◆ Work to be completed: Each entry below should be written out exactly as it is, with no pictures.

=== Records for this exercise ===

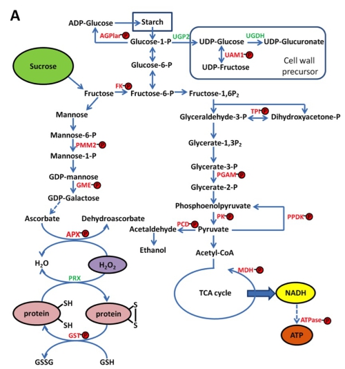 水稻种子萌发过程胚组织磷酸化调控代谢图(红字表示磷酸化水平变化蛋白,绿色字表示稳定磷酸化蛋白)
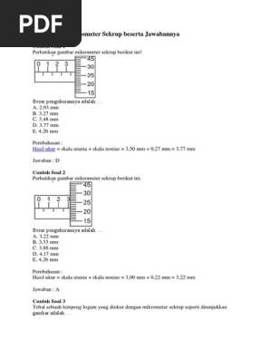 Contoh Soal Jangka Sorong Dan Mikrometer Sekrup Beserta Jawabannya
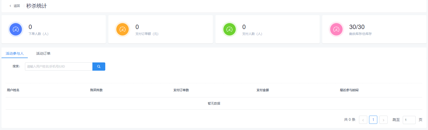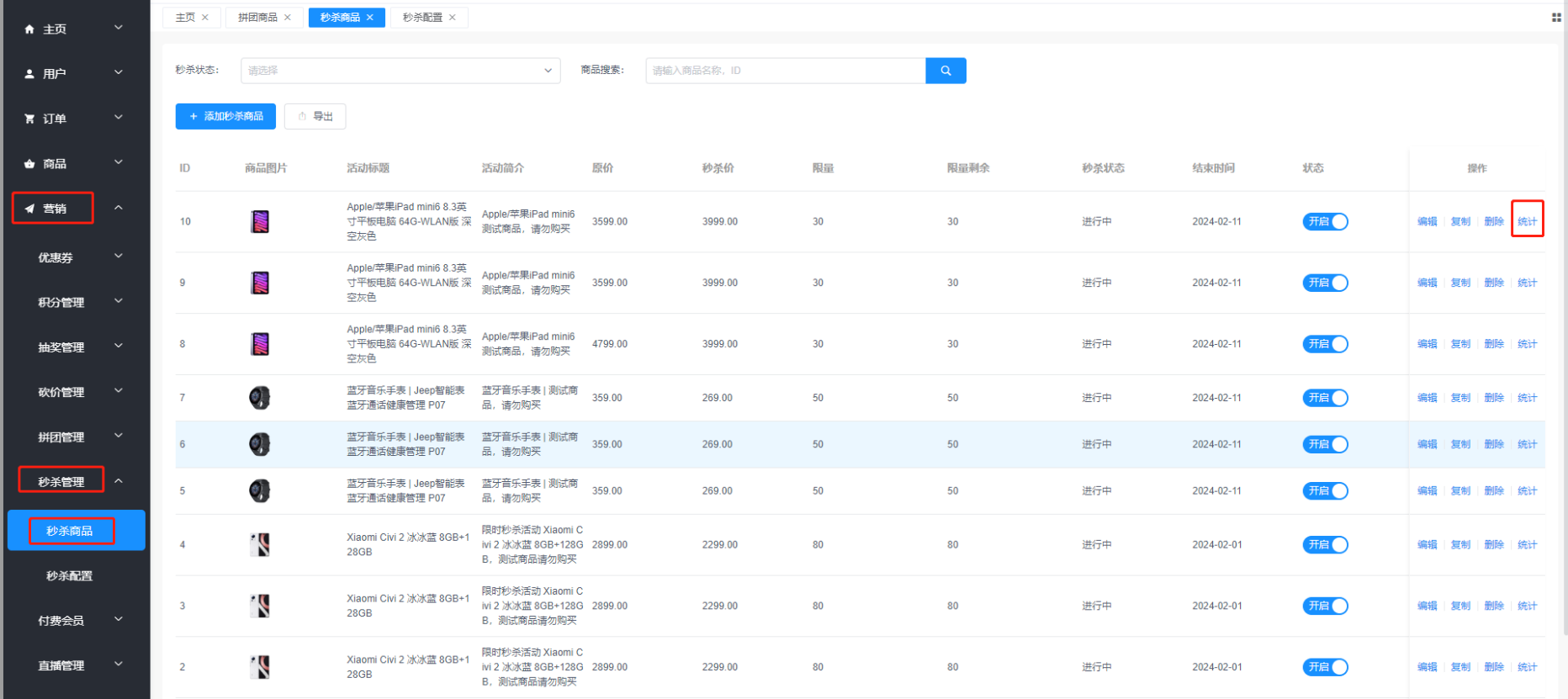 秒杀商品列表右侧操作可以跳转到每个商品的统计页面
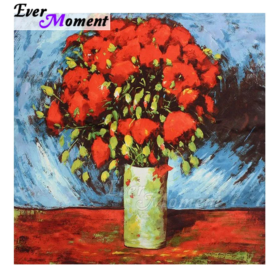 Алмазная живопись Ever Instant 5D, картина Стразы ручной работы, вышивка крестиком с красными цветами, домашняя Алмазная вышивка ASF1793
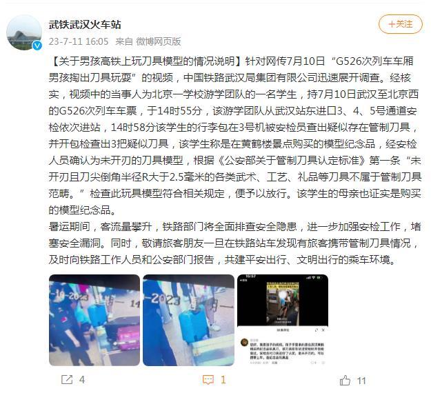 經(jīng)核實,視頻中的當事人為北京一學(xué)校游學(xué)團隊的一名學(xué)生,持7月10日武漢至北京西的G526次列車車票,于14時55分,該游學(xué)團隊從武漢站東進口3、4、5號通道安檢依次進站,14時58分該學(xué)生的行李包在3號機被安檢員查出疑似存在管制刀具,并開包檢查出3把疑似刀具,該學(xué)生稱是在黃鶴樓景點購買的模型紀念品,經(jīng)安檢人員確認為未開刃的刀具模型,根據(jù)《公安部關(guān)于管制刀具認定標準》第一條“未開刃且刀尖倒角半徑R大于2.5毫米的各類武術(shù)、工藝、禮品等刀具不屬于管制刀具范疇?!睓z查此玩具模型符合相關(guān)規(guī)定,便予以放行。該學(xué)生的母親也證實是購買的模型紀念品。

===

◆ Response to the exercise:
 水稻种子萌发过程胚组织磷酸化调控代谢图(红字表示磷酸化水平变化蛋白,绿色字表示稳定磷酸化蛋白)
 Contoh Soal Jangka Sorong Dan Mikrometer Sekrup Beserta Jawabannya
 秒杀商品列表右侧操作可以跳转到每个商品的统计页面
 Алмазная живопись Ever Instant 5D, картина Стразы ручной работы, вышивка крестиком с красными цветами, домашняя Алмазная вышивка ASF1793
 經(jīng)核實,視頻中的當事人為北京一學(xué)校游學(xué)團隊的一名學(xué)生,持7月10日武漢至北京西的G526次列車車票,于14時55分,該游學(xué)團隊從武漢站東進口3、4、5號通道安檢依次進站,14時58分該學(xué)生的行李包在3號機被安檢員查出疑似存在管制刀具,并開包檢查出3把疑似刀具,該學(xué)生稱是在黃鶴樓景點購買的模型紀念品,經(jīng)安檢人員確認為未開刃的刀具模型,根據(jù)《公安部關(guān)于管制刀具認定標準》第一條“未開刃且刀尖倒角半徑R大于2.5毫米的各類武術(shù)、工藝、禮品等刀具不屬于管制刀具范疇?!睓z查此玩具模型符合相關(guān)規(guī)定,便予以放行。該學(xué)生的母親也證實是購買的模型紀念品。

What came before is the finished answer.